## What you will do:
Everything below from the line with "आगरालीक्स…आगरा में एक" through the line with "Heißes Buntes LED" should be copied exactly, and nothing else; leave out the pictures.

══════════════════════════════

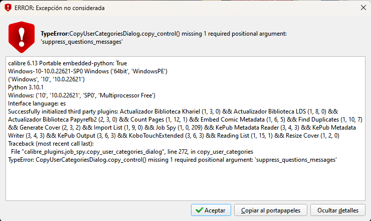 I was using the Enhancements to GUI Tool 'Copy User Category to Target Library' and it got some errors. - If I try to copy only one category, doing it in the usual way, I get the error that corresponds to the image "Error 1" - If I try to use the tool from any library other than my main library, I get the error that corresponds to the image "Error 2" This same error occurs even from a clean installation of Calibre. Job Spy's settings are by default. For some reason it only works from my main library, and only new options, checkbox checked or not. Some of my libraries have different structures, but it also doesn't work on libraries that have the same structure as the main one. Sorry, as a beta tester I suck
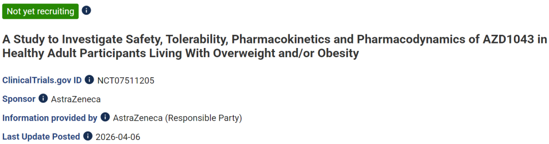 ▎Armstrong2026年4月6日,阿斯利康在Clinicaltrials.gov网站上注册了AZD1043用于减重的一期临床试验。该一期临床计划入组112例受试者,包含中国、日本患者队列,预计2027年3月初步完成。阿斯利康围绕减重药进行了广泛布局,多款产品进入临床阶段,包括小分子GLP-1(诚益生物引进)、长效Amylin类似物、GLP-1/GCG双靶点激动剂等。2026年1月,阿斯利康以
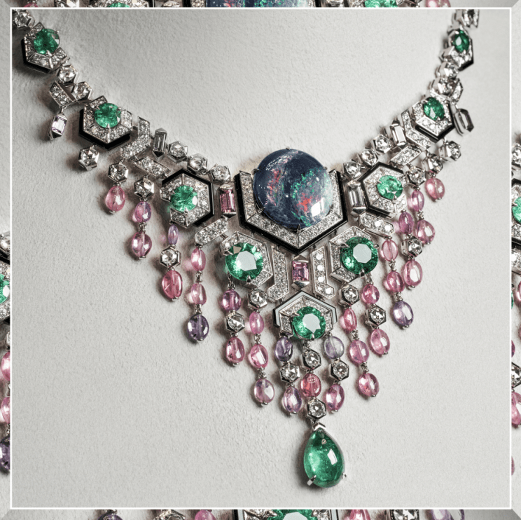全新SIXIME SENS PAR CARTIER高级珠宝系列EVASION项链 EVASION项链,邂逅宇宙梦境: 醒目的黑色欧泊分发变幻颜色,犹如一颗闪烁行星,层叠展开的宝石排列就像以笼统形态呈现的繁星,又如划过夜空的流星雨,绚丽耀眼。
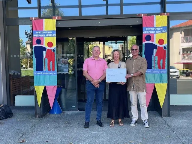 Lors de la fête de l’institution, la représentante de la fondation a symboliquement remis un chèque à Gilbert Guderzo notre Président et Jérôme Rousseau notre Directeur
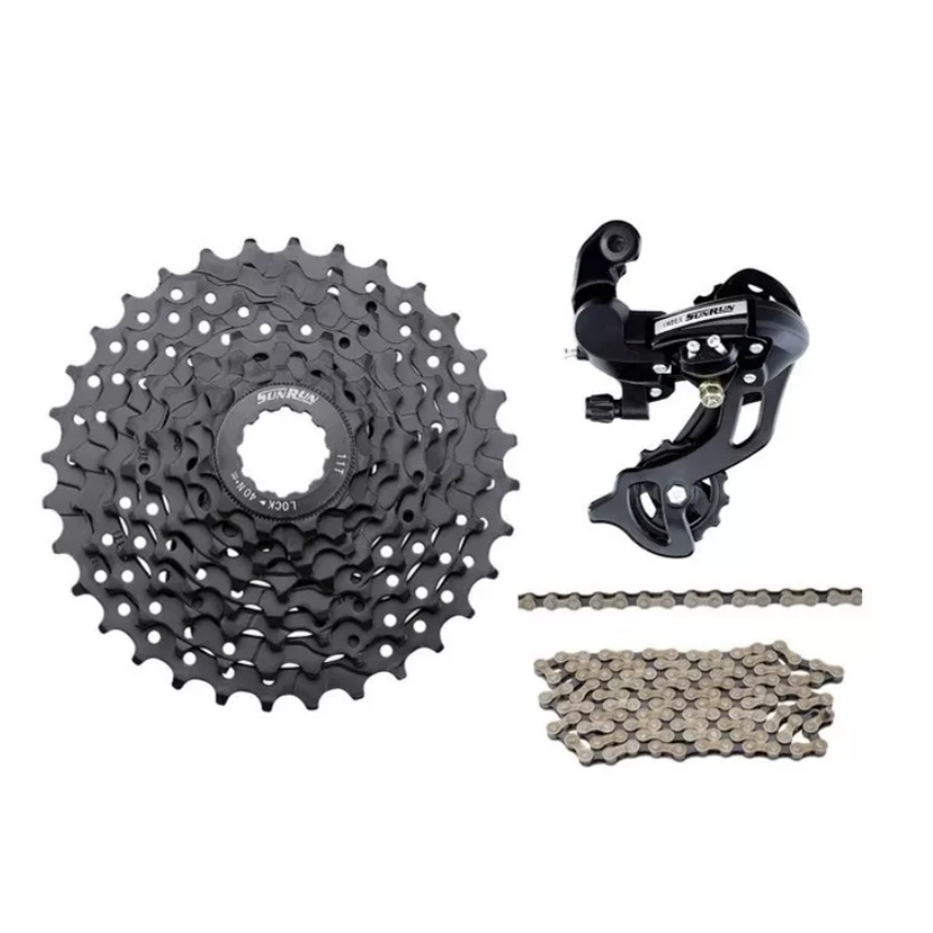 Kit 24v Catraca K7 K8 8v Sunrun 11/32 Index Com Corrente Fina Ciclismo Mtb ou Speed Padrão Shimano
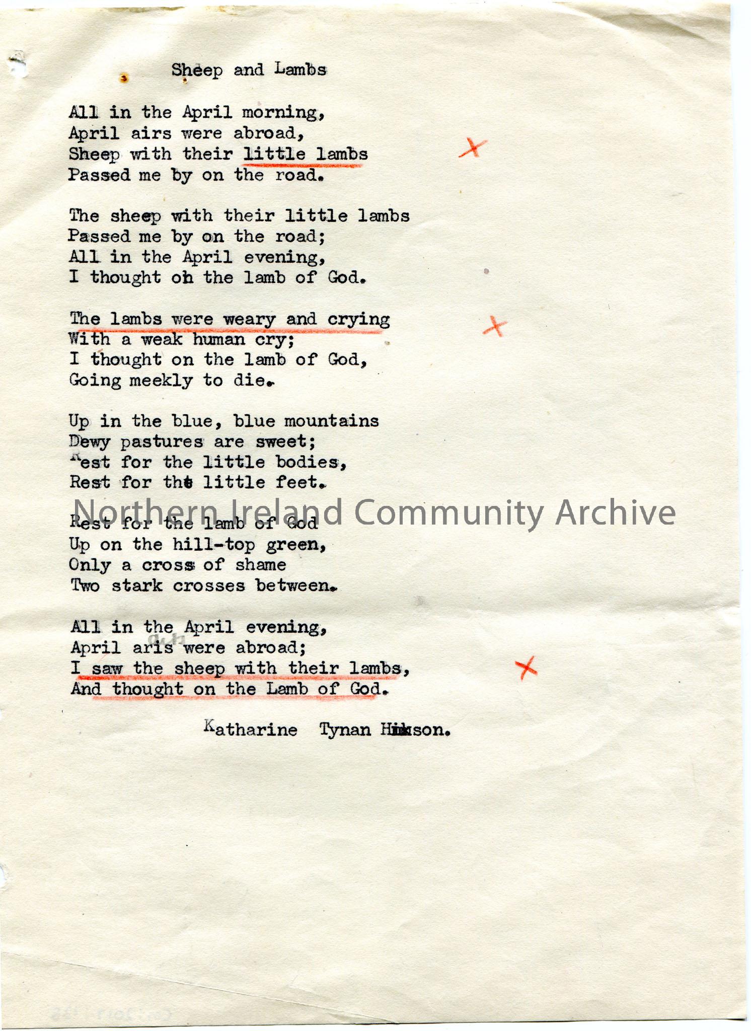 Typed six verses of a poem or words to a song titled, ‘Sheep and Lambs’, by Katharine Tynan Hinkson. Some lines underlined in red with an X beside eac…
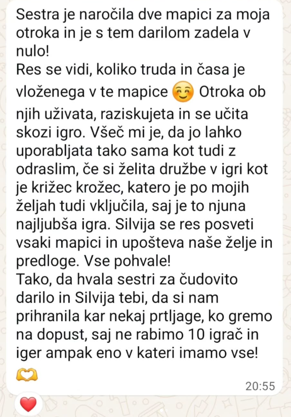 Sem Silvija, ustvarjalka Otrokove mapice – ročno izdelanega pripomočka, ki združuje igro, učenje in čarobnost otroškega sveta. Moja ideja se je rodila iz ljubezni do otrok, ustvarjanja in želje, da bi vsak otrok imel nekaj, kar je narejeno prav zanj. Vsaka mapica je unikatna in personalizirana, prilagojena starosti, zanimanjem in razvojnim potrebam posameznega otroka. Skozi zabavne aktivnosti otroci razvijajo fino motoriko, govor, domišljijo, koncentracijo in logično mišljenje. Mapice vključujejo različne igre, naloge in izzive, vse izdelane ročno in s posebno pozornostjo. Pred izdelavo se vedno posvetujem s starši, saj prav oni najbolje poznajo svojega otroka. Verjamem, da se otroci najbolje učijo skozi igro – in prav to jim Otrokova mapica omogoča. Primerna je za vsakdanjo igro doma ali kot posebno in izvirno darilo. Vsaka mapica je narejena s toplino, ljubeznijo in mislijo na to, kar je otrokom res pomembno. Z Otrokovo mapico želim otrokom podariti več kot le igračo – želim jim podariti doživetje. Hvala, ker zaupate v moje delo in vizijo. Z veseljem ustvarim nekaj prav posebnega tudi za vašega malčka.
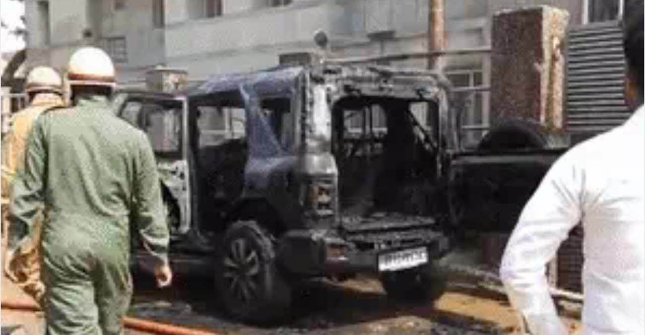 आगरालीक्स…आगरा में एक महीने पहले खरीदी थार कार में लगी आग. 5 मिनट में पूरी कार जल गई. अस्पताल परिसर में खड़ी थी.
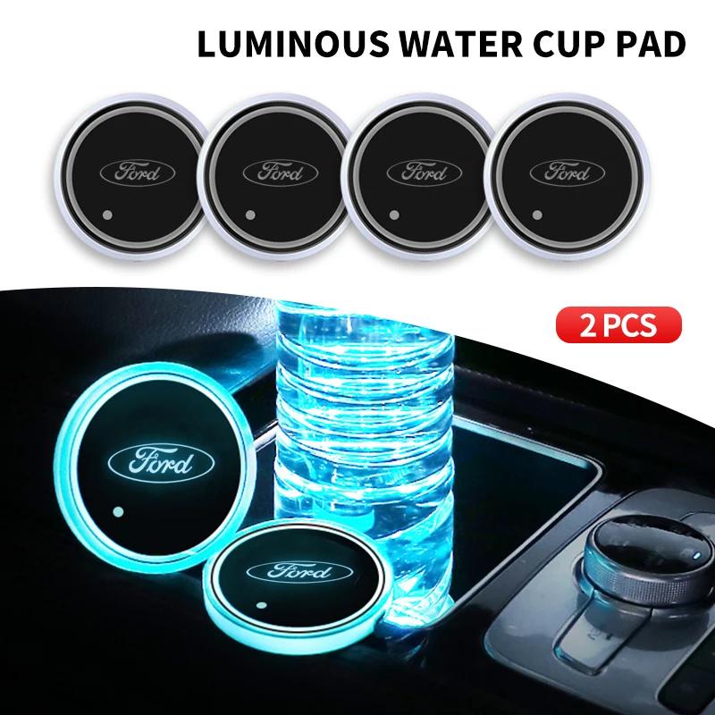 Heißes Buntes LED Auto Becherhalter Licht Auto Untersetzer Flasche Atmosphäre Licht Matten Für Ford Focus 2 3 Mondeo Fiesta Kuga Escort Expl
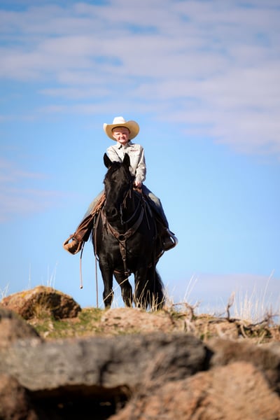 ⚜️ 𝓽𝓱𝓮 𝐇𝐨𝐫𝐬𝐞𝐦𝐚𝐧'𝐬 𝓢𝓱𝓸𝔀𝓬𝓪𝓼𝓮⚜️ Happening now thru MONDAY | DECEMBER 1st - Available EXCLUSIVELY on HorseBid's website! For more details and to register visit: www.Horsebid.com CONSIGNOR CONTACT: Sand Creek Ranch 208-821-2351 or 208-351-2863 LOCATION: Saint Anthony, ID BREED: Draft Cross REGISTERED: No COLOR: Black HEIGHT: 14.3 AGE: 6 GENDER: Gelding Maverick is a pretty Solid black 14.3 hh 6 year old draft cross gelding. He is the perfect size with a solid build and good bone that he can carry anyone who can ride. Maverick is a gem on the trail! He has a nice walk on him and not one you have to peddle. Maverick has gone through rivers, muddy trails, up mountains and even swam in lakes. He has a nice stocky build that’s built to last. Maverick can handle technical trails without missing a beat, carefully picking his foot placement to ensure he and his rider are safe. Maverick handles what the mountain trails have surprised him with ease and confidence taking care of his rider. Maverick is also trained to come to a mounting block for easy mounting and dismounting. He has a smooth rocking-chair lope, nice neck reign, stop and backup. Maverick has been exposed to different obstacles and approaches them with confidence and curiosity. He is sacked out and will go through our obstacle course which includes a teddee todder bridge, pool noodles, tarps, and logs. He has been used to check cattle, get bulls in, been around dogs and loves to be groomed by the kids. Maverick has been rode by lots of different riders from kid, mom, dad, friends and more. He is the same horse after time off whether it’s a couple days weeks or months. Maverick is an easy keeper, comes to grain to be caught, a good for the farrier, hobble trained, and good to load. Maverick sells with a clean PPE. If you’re looking for a solid trail mount, a horse for the family, one to enjoy the trails and have fun on in the arena maverick is your guy.

══════════════════════════════

## Solution to this task:
 आगरालीक्स…आगरा में एक महीने पहले खरीदी थार कार में लगी आग. 5 मिनट में पूरी कार जल गई. अस्पताल परिसर में खड़ी थी.
 Heißes Buntes LED Auto Becherhalter Licht Auto Untersetzer Flasche Atmosphäre Licht Matten Für Ford Focus 2 3 Mondeo Fiesta Kuga Escort Expl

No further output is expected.